Fronting on insurance cover
Car insurance can be a costly business after doing all your lessons to pass your test, but the reason for that is young drivers are statistically a bad risk when starting out driving. However, your parents – as an older, more experienced driver – are statistically a much lower risk, which is why their insurance costs are much lower.
Families with newly qualified drivers have embraced this in attempting to reduce insurance costs for their children by fronting for their children’s first policy. This is when a young driver is put onto a parent’s insurance policy as a named driver, when they’re actually very much the main driver of the policy. In most cases, the parent never even gets behind the wheel of their son or daughter’s car.

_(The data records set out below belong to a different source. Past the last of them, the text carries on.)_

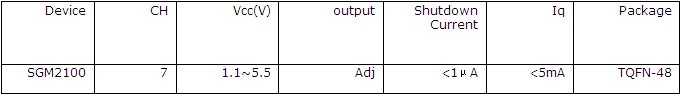 SGM2100的工作電壓為1.1~5.5V,具有以下優(yōu)點(diǎn):輸入電壓低至1.1V;輸出電源多達(dá)7路;兼具升降壓DC/DC;1.1V升壓轉(zhuǎn)換效率在2A負(fù)載的情況下可以達(dá)到90%;降壓DC/DC通道,負(fù)載在1A條件下,效率可以達(dá)到90%;LED驅(qū)動具有過壓保護(hù)功能;DC/DC開關(guān)頻率高達(dá)1MHz;7路輸出單獨(dú)控制,關(guān)斷模式電流低至1μA;具有軟啟動、電源狀態(tài)指示和過載保護(hù)功能。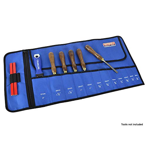 Faithfull FAICR12 - Rotolo di scalpelli con 12 tasche con scomparto con cerniera, blu, dimensioni approssimative: 32 x 68 cm
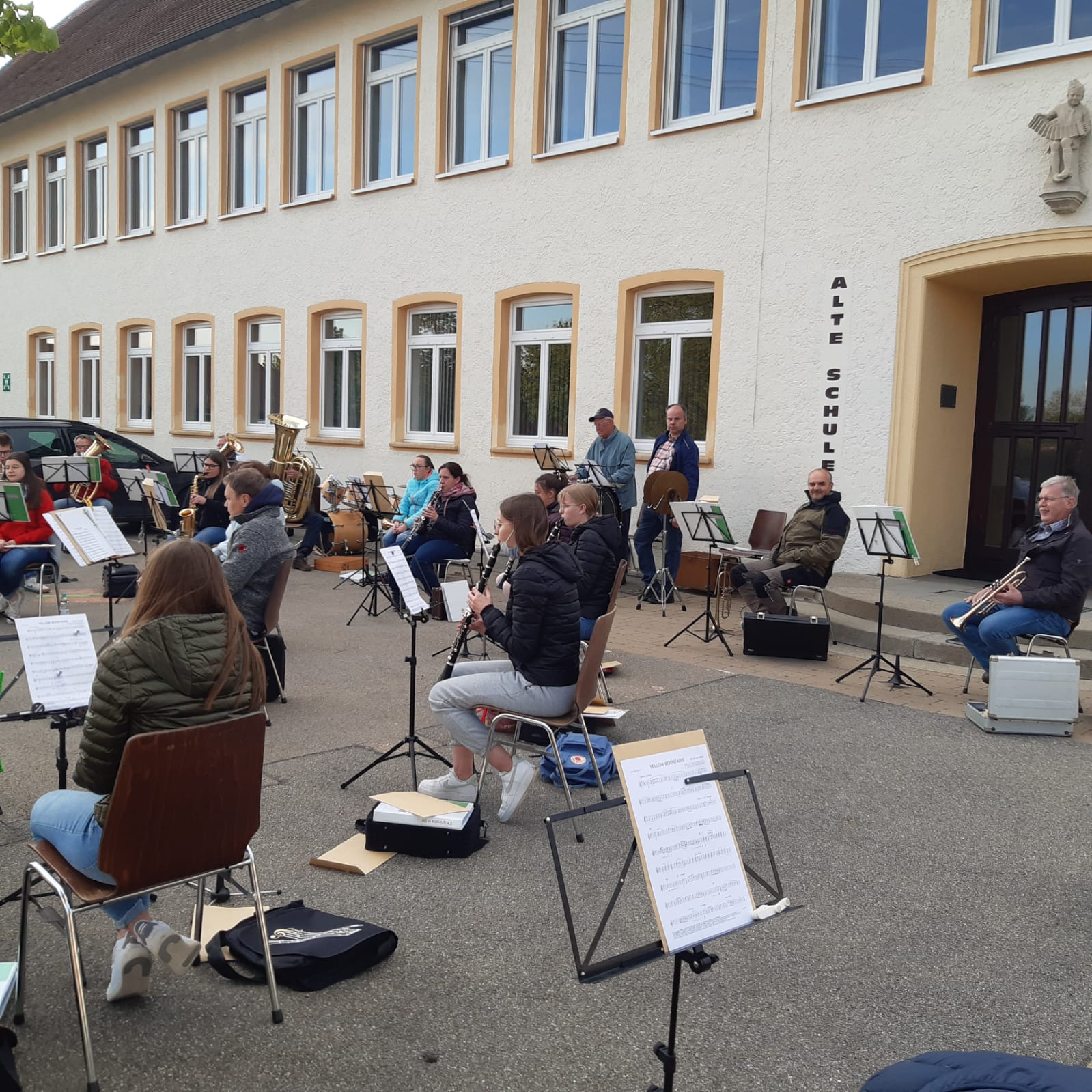 Unsere erste Probe in 2021 am 25.5.2021 auf dem Schulhof.

Doing this might save you some cash, but the downside is you’ll never build up your own no-claims discount, which ultimately allows you to reduce your insurance costs over time. Also, if you have a crash, your parent will lose their no-claims discount, even though they may never have had the accident that you have to claim against. The main reason for not doing it though is because it’s an offence to do so.
Hiding behind your parent’s name on the policy is classed as fraud; you’re making a false declaration to your insurance company, and if you get found out your insurer can charge a penalty or cancel the policy thereafter. After this, getting fresh cover could be very costly if not impossible if you become blacklisted by insurance companies.
Yes, buying insurance as a young driver is painfully expensive, but sadly it’s also necessary – unless you genuinely do share a car with a parent, and they’re the main driver. A much better idea is to take out a telematics-based policy in your own name. Then you should see the costs drop year on year very quickly – as long as you drive safely.